This is not good news for those who look towards a future of serious and substantial institutional reform in China. It is also further evidence that the current attempts to 'browbeat' China into currency flexibility are likely to prove counterproductive:

China is set to postpone indefinitely a landmark scheme that would have opened the Hong Kong stock market to legal investments by mainland institutions. The setback might also delay progress toward satisfying US demands for a more flexible renminbi exchange regime, officials and financial industry executives said.

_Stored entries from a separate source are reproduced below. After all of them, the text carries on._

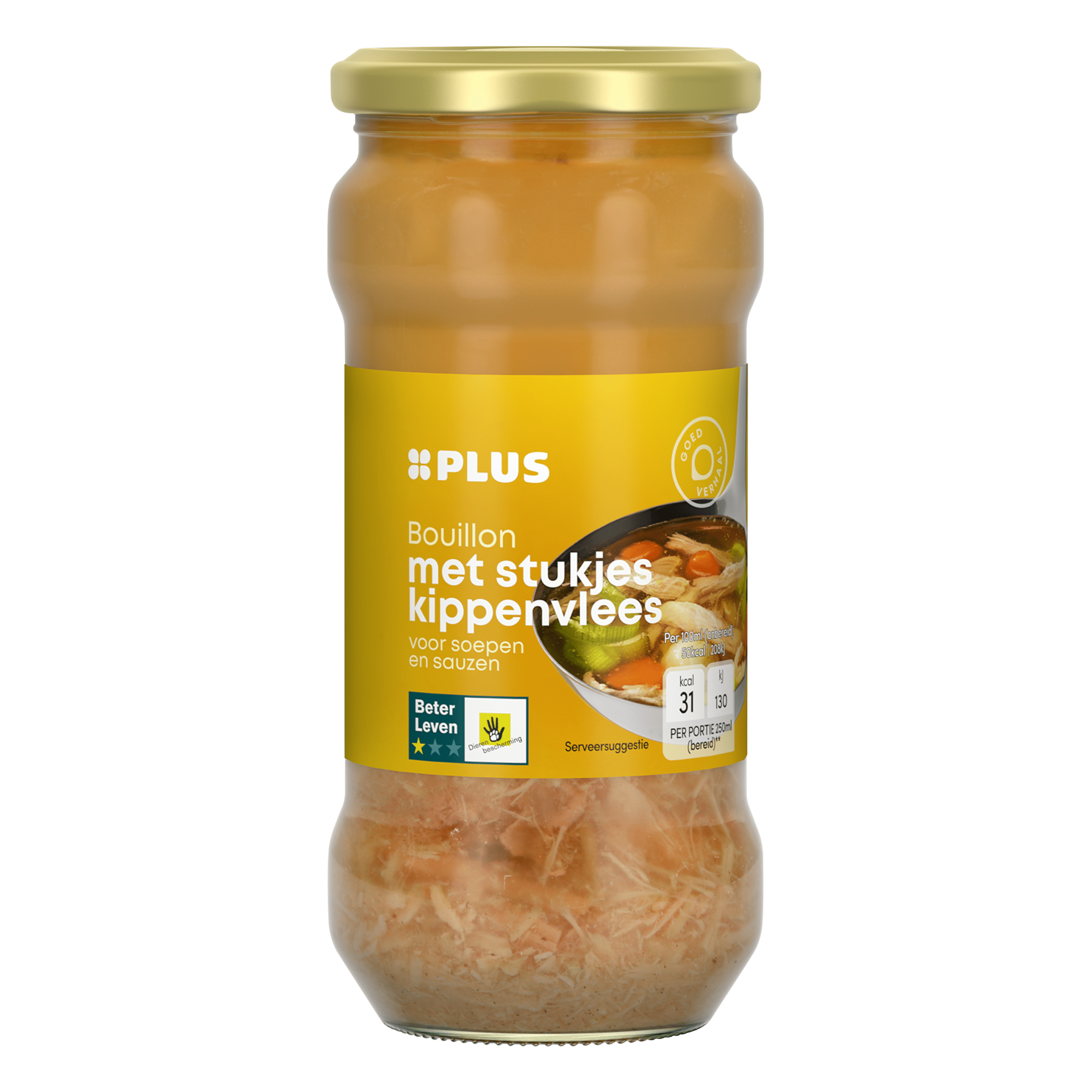 Geniet van de rijke smaak van de PLUS Bouillon kip, bereid op traditionele wijze met kippenvlees van de Beter Leven 1 Ster kwaliteit. Deze geconcentreerde bouillon is perfect als basis voor een heerlijke kippensoep. Verdun de bouillon eenvoudig met water en breng het al roerend aan de kook voor een snel en smakelijk resultaat. Na openen bewaren in de koelkast.
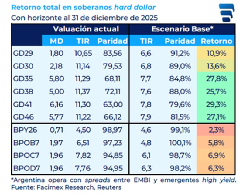 "En soberanos nuestros top picks son el GD41 y el GD35. En nuestro escenario base, los spreads de la deuda argentina estarán entre el EMBI (291pbs) y los emergentes high yield (413pbs) hacia fin de año, consistente con un escenario donde Argentina ya estará en condiciones de acceder al mercado. Esto favorecería particularmente a bonos largos como GD41 y GD35, dejando retornos totales entre 28% a 29% hasta fin de año", dijeron.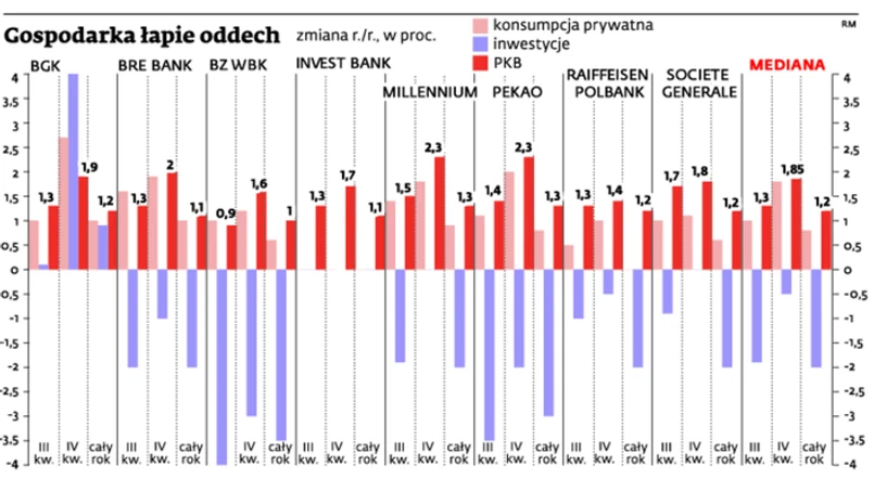 Eksperci, z którymi rozmawialiśmy, spodziewają się, że konsumpcja w III kw. wzrośnie o ok. 1 proc., a w IV – o 1,8 proc. Poprawić się mają też inwestycje. Nadal będą na minusie, ale już nie tak dużym jak pod koniec ubiegłego i na początku tego roku (spadki o 4,1 proc. i 2 proc.). W III kw. mają się one zmniejszyć o 1,9 proc., a w IV spadek wyhamuje do 0,5 proc.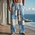 satiini löysät leveät lahkeet loma taiteellinen/retropainatus kausaalihousut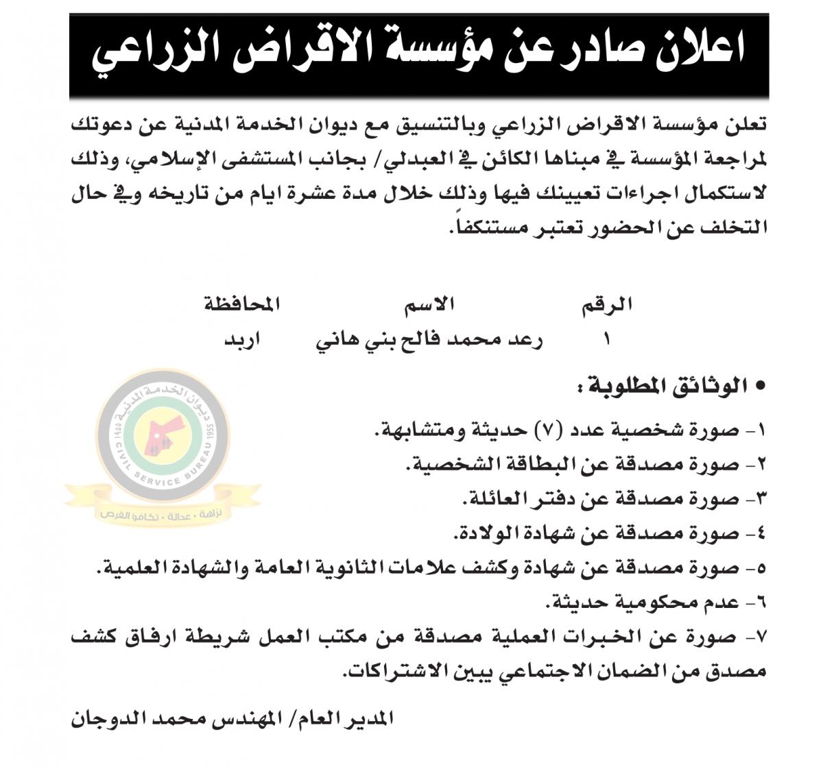 دعت مؤسسة الإقراض الزراعي وبالتنسيق مع ديوان الخدمة المدنية السيد رعد محمد فالح بني هاني لاستكمال إجراءات تعيينه . وتاليًا التفاصيل في الاعلان المرفق :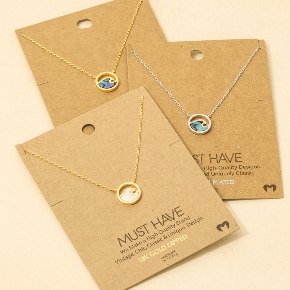 This season's must-have trending necklace, this trending necklace reveals an intricate wave coin pendant necklace design. Add a dash of sophistication to your look with this versatile trending necklace, a must-have for fashion enthusiasts. Available in GA, GW, SA. This item is sold in packs of 1.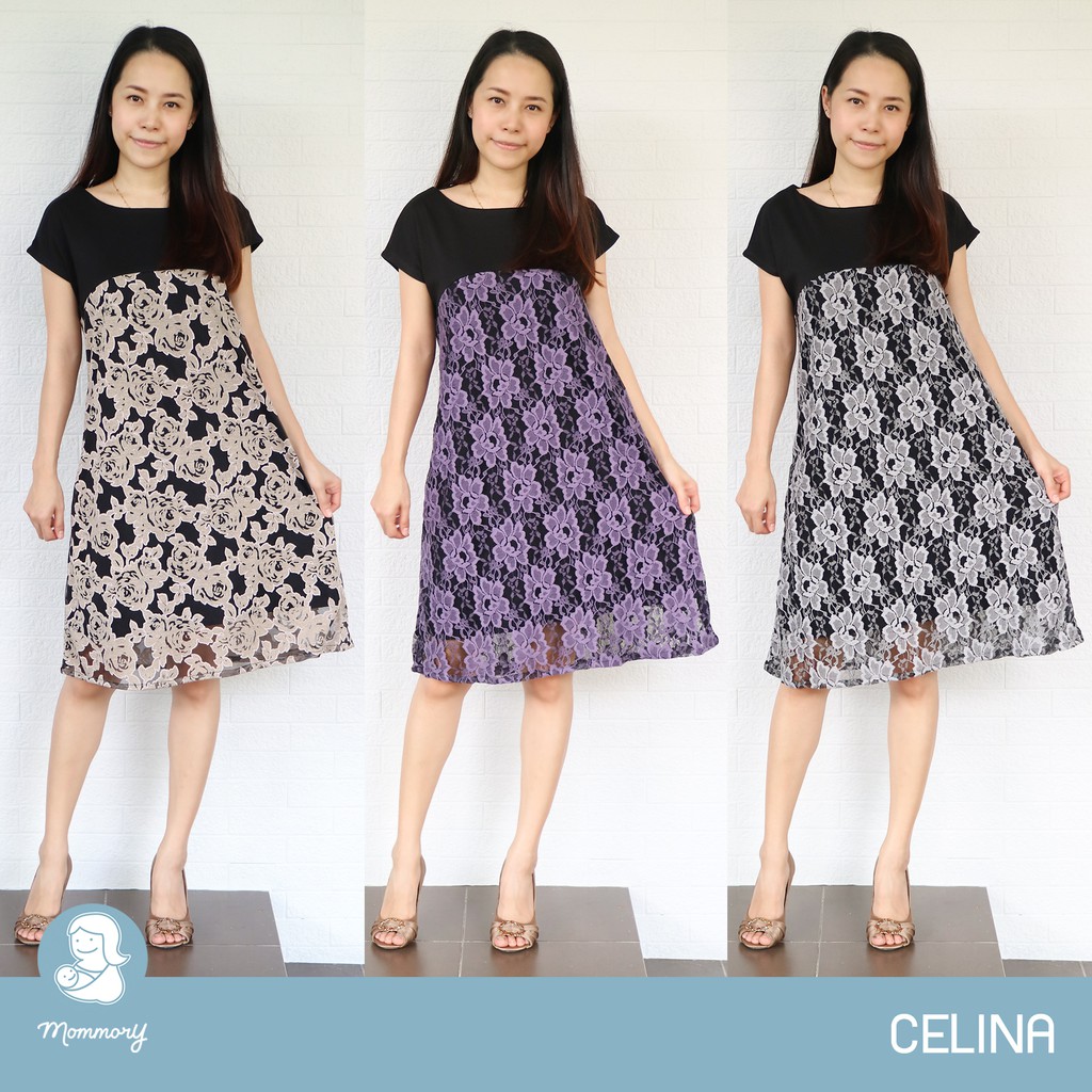 เดรสให้นมบุตร Mommory รุ่น Celina ให้นมแบบซิปซ่อน ผ้าลูกไม้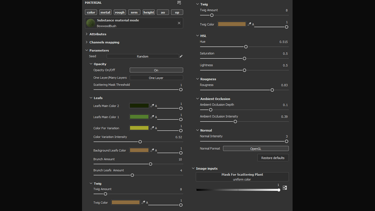 Stylized Bush customizable Substance PBR material and textures SBS & SBSAR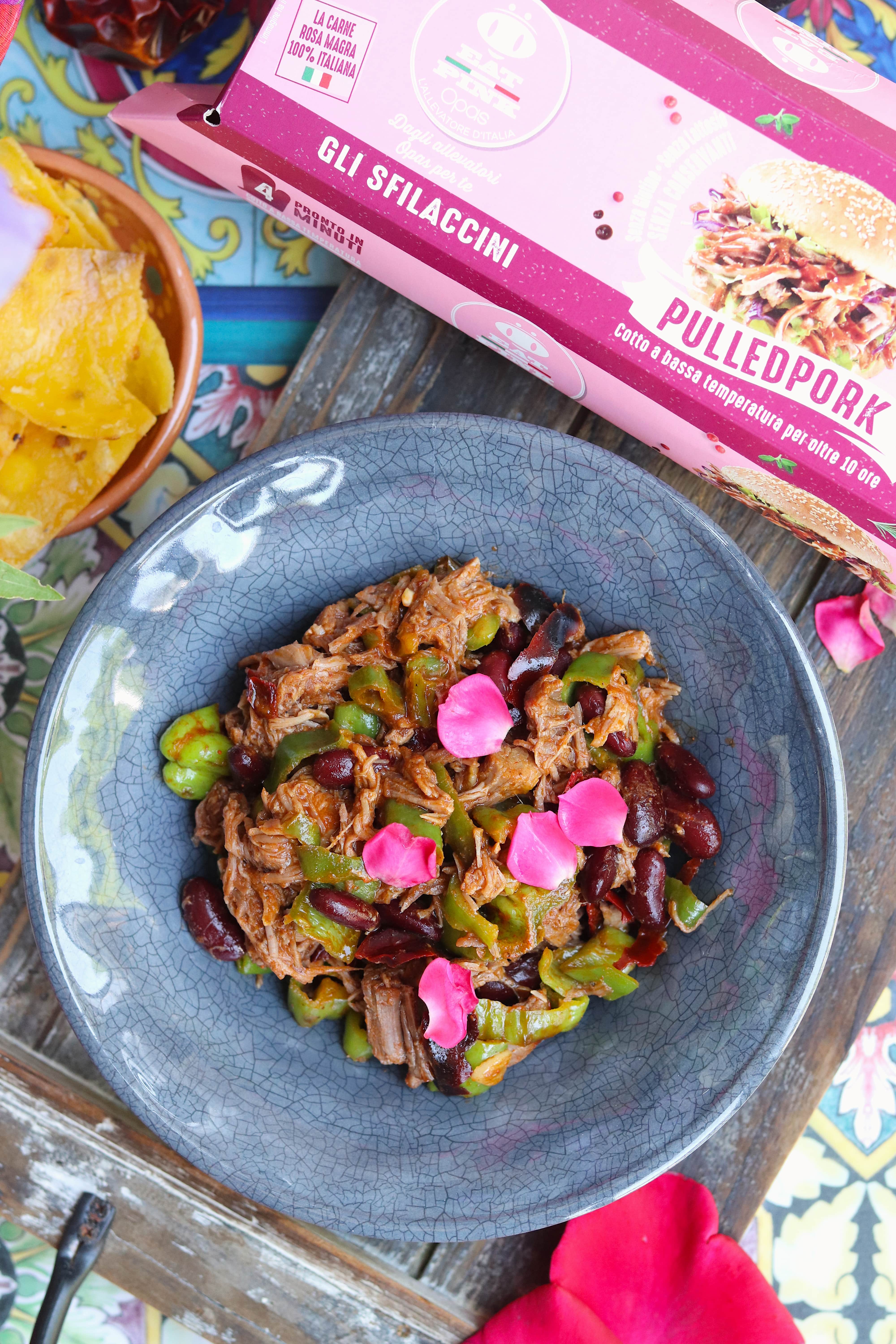 Pulled pork; fagioli rossi; peperoncino Ñora, originario di Alicante (Spagna), è un piccolo peperone rotondo, dal colore rosso, dalla dolcezza spiccata. Si utilizza nelle insalate, zuppe, sughi e stufati. Il profumo che lascia in cucina quando soffritto insieme all’aglio è semplicemente fenomenale!!

Official opposition has been building towards any early approval of the Qualified Domestic Institutional Investor (QDII) plan, under which a crack was to be opened in China's closed capital account to allow some mainland funds to change their renminbi into hard currency and invest in Hong Kong's capital markets. "There is really a lot of opposition to QDII at the moment," said one official. "There is no way it will be approved by the end of this year and probably not early next year either." The postponement will come as a blow to investors and the government of Hong Kong, which first proposed the scheme as one of several means to integrate the territory's lacklustre economy with a booming China.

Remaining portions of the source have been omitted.